#### Activity
Present an exact copy of each line below.

#### Data entries
┏━━
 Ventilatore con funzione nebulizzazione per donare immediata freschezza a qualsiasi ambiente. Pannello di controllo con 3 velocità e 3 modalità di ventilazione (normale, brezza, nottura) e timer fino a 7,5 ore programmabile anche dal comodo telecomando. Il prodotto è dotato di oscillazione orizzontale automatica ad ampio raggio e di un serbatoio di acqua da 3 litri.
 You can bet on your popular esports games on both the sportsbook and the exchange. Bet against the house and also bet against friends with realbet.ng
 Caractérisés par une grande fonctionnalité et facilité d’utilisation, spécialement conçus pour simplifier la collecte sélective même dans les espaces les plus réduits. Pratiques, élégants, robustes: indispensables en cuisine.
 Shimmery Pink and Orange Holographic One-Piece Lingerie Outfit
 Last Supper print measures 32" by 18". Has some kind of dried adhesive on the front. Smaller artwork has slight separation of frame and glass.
┗━━
#### Answer to the problem
 Ventilatore con funzione nebulizzazione per donare immediata freschezza a qualsiasi ambiente. Pannello di controllo con 3 velocità e 3 modalità di ventilazione (normale, brezza, nottura) e timer fino a 7,5 ore programmabile anche dal comodo telecomando. Il prodotto è dotato di oscillazione orizzontale automatica ad ampio raggio e di un serbatoio di acqua da 3 litri.
 You can bet on your popular esports games on both the sportsbook and the exchange. Bet against the house and also bet against friends with realbet.ng
 Caractérisés par une grande fonctionnalité et facilité d’utilisation, spécialement conçus pour simplifier la collecte sélective même dans les espaces les plus réduits. Pratiques, élégants, robustes: indispensables en cuisine.
 Shimmery Pink and Orange Holographic One-Piece Lingerie Outfit
 Last Supper print measures 32" by 18". Has some kind of dried adhesive on the front. Smaller artwork has slight separation of frame and glass.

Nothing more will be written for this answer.